There’s another page that is worth checking periodically in Insights: the Bottlenecks page:

bottlenecks-menu-option.png

On the Bottlenecks page Insights shows you negative trends from the last 7 days. The relevant bottleneck is the Failing Workflows one, which lists Workflows which consumed the most amount of time to fail. It lists the Workflows based on the time impact of the failing builds.

This is usually a good place to check as the time impact calculation here reflects both how frequently the builds of a given Workflow fail as well as how long those failing builds take. The time impact listed on this page is the total amount build time of the failing builds for that Workflow in the last 7 days. In the example above it means that the bullseye app’s test Workflow builds failed in 73.68% of the cases, and in total those failed builds consumed 1 hour and 38 minutes in the last 7 days.

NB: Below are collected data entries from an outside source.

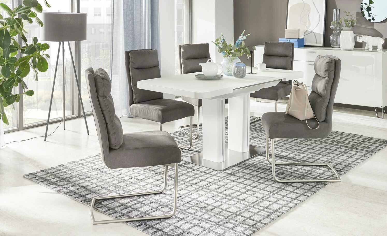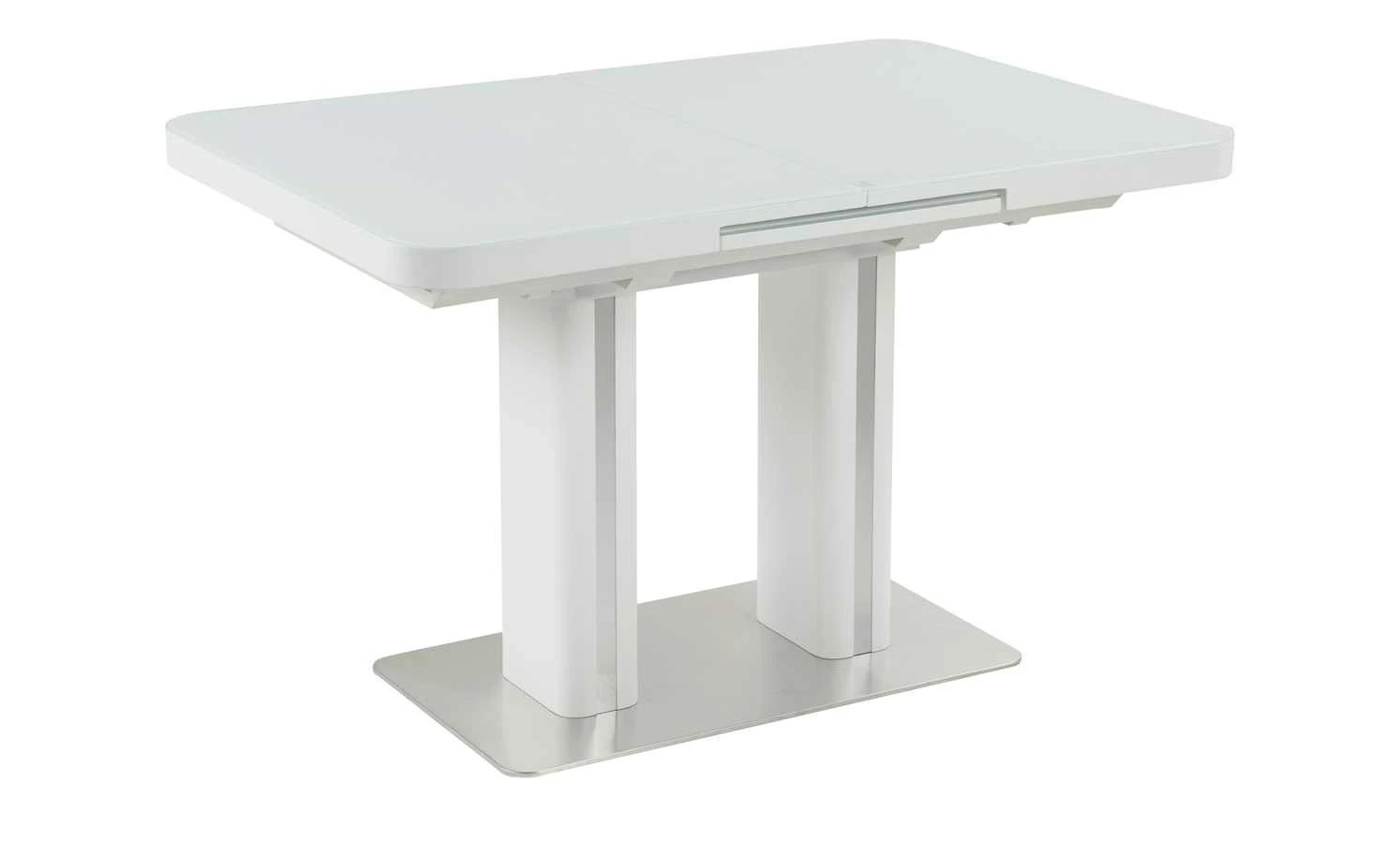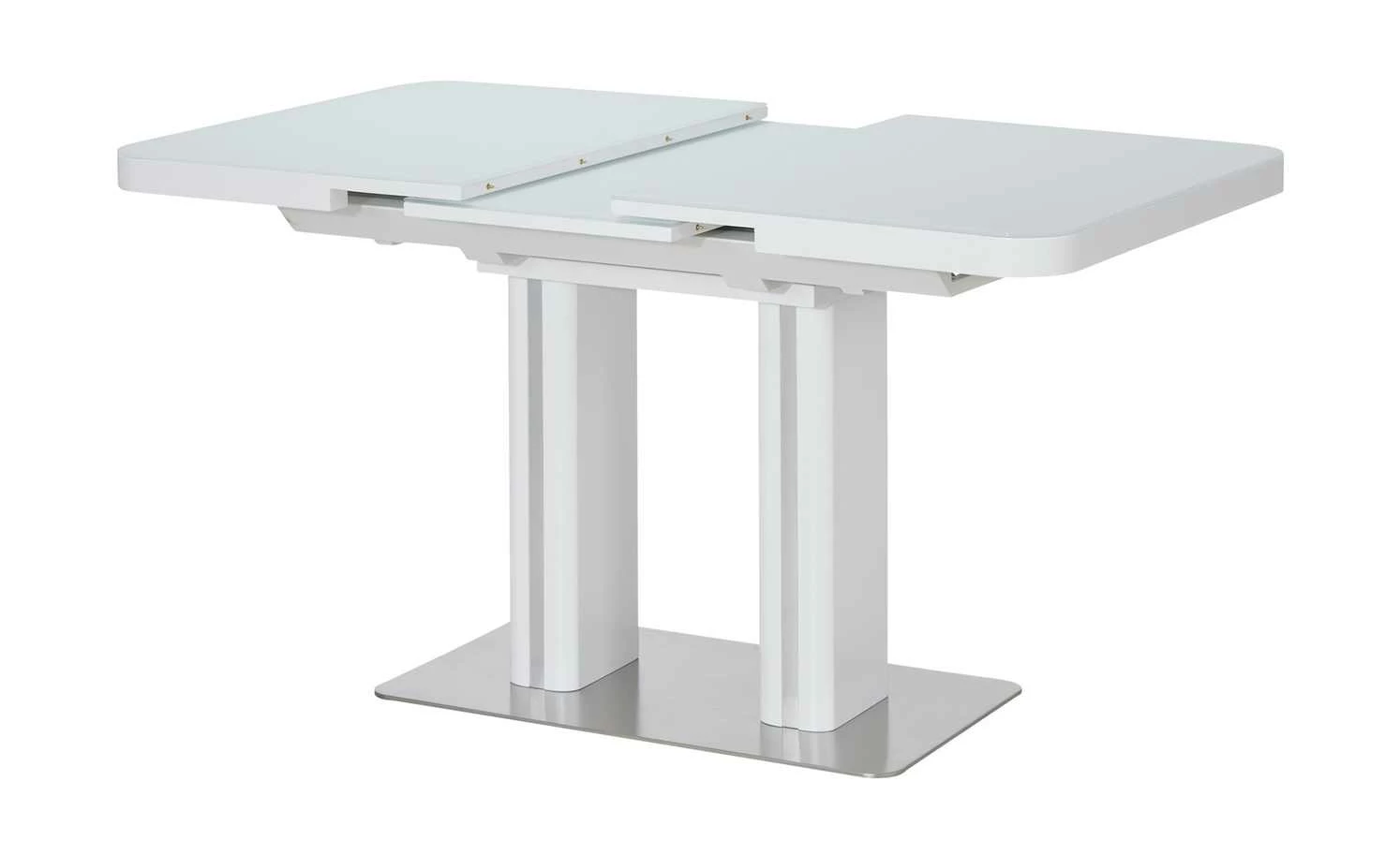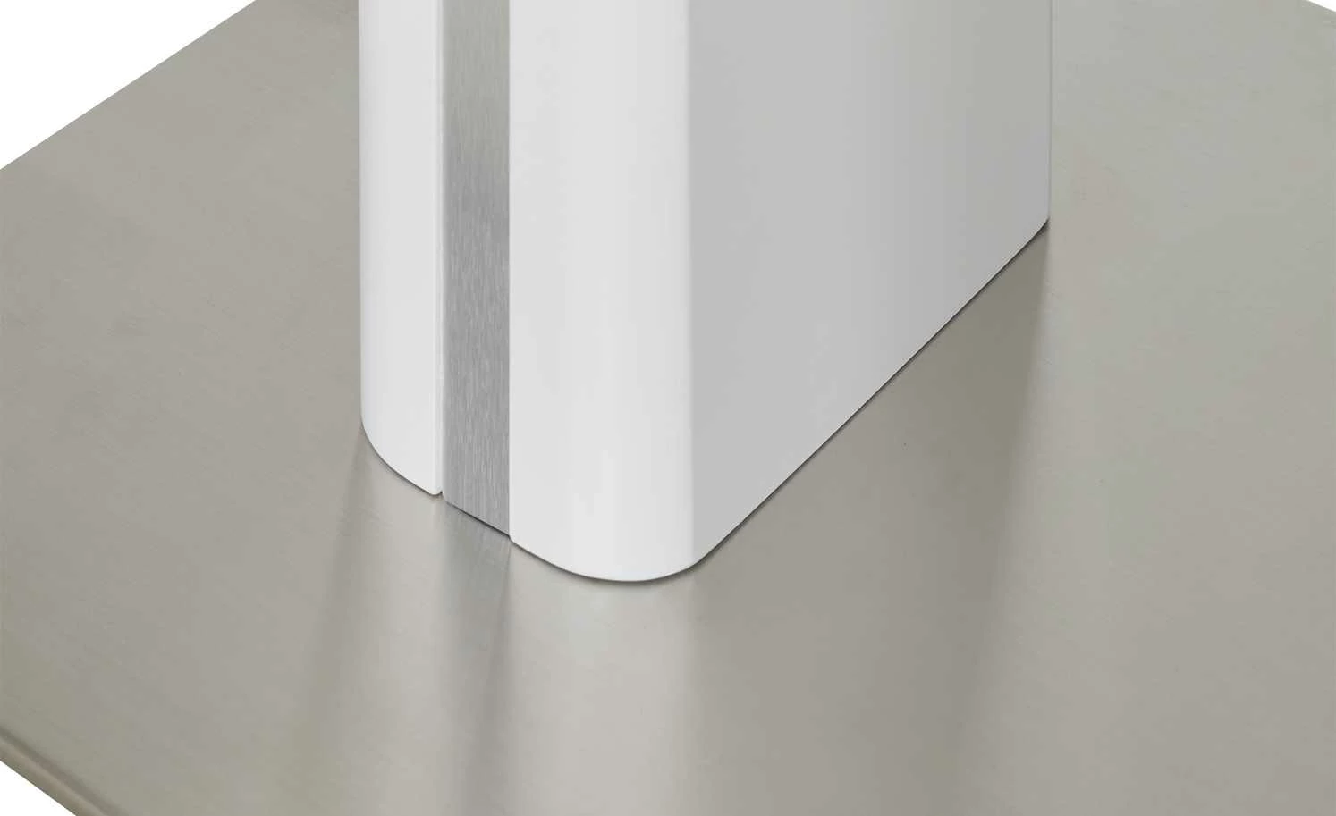 Modern und funktional: Der Esstisch Tizian in Weiß mit dekorativen Elementen in Edelstahl-Optik. Tizian ist ein ausziehbarer Esstisch und lässt sich durch den integrierten Mittelauszug kinderleicht auf 160 Zentimeter erweitern. Bei Bedarf bietet er dann Platz für bis zu acht Personen. Die weiße Tischplatte hat eine Glasoberfläche und lässt sich dadurch besonders einfach abwischen. Die beiden eckigen Säulentischbeine stehen auf einer Bodenplatte aus Edelstahl und sorgen für ein Plus an Stabilität. Tizian verleiht Ihrem Esszimmer ein modernes und leicht futuristisches Aussehen.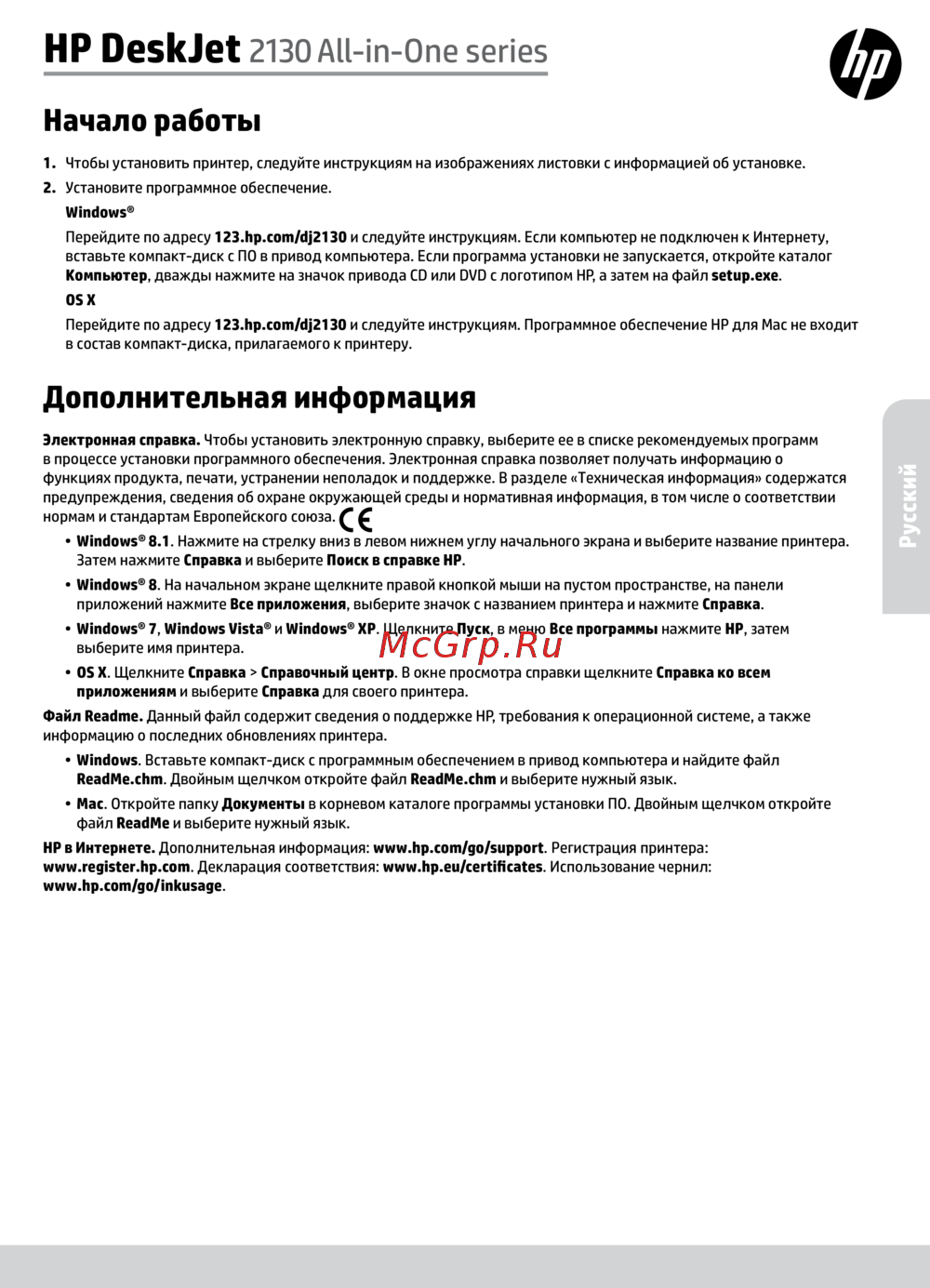 Перейдите по адресу 123.hp.com/dj2130 и следуйте инструкциям. Программное обеспечение HP для Mac не входит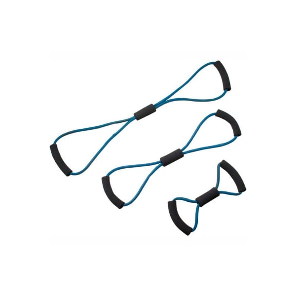 Cando bowtie tubing exerciser, full body set -14", 22", 30"), blue, 3/set lightweight, compact and portable, the tubing exerciser helps perform strengthening and conditioning workouts on-the-go, even in your hotel room!! two permanent foam covered rigid handles give the exerciser comfort and a firm grasp. Cando is licensed to use the thera-band color sequence so resistance level is easily identified. The bowtie exerciser is available in 7 levels of resistance for progressive exercise and 3 lengths to accommodate different needs. Levels range in order of strength from least to greatest resistance: tan, yellow, red, green, blue, black, silver. Length represents length of tubing from end to end when unit is laid flat and is taut. Cando low powder exercise tubing is made of natural rubber latex, which may cause allergic reactions. 3 piece set: 14", 22", 30", blue.

By listing the Workflows based on time impact instead of based on just the failure rate, the Bottlenecks page helps you to focus on the most impactful build failure trends. As an example, if you have a Workflow which had only a few builds and those all failed, while another Workflow had tens or hundreds of builds and it failed in 50% of the cases, if both Workflows builds are about the same length the second Workflow will be ranked higher, as overall those failed builds caused more wait time for engineers.

Keeping an eye on and improving your build failure rate helps you to reduce wait time during the app development process and to increase the efficiency and productivity of your team.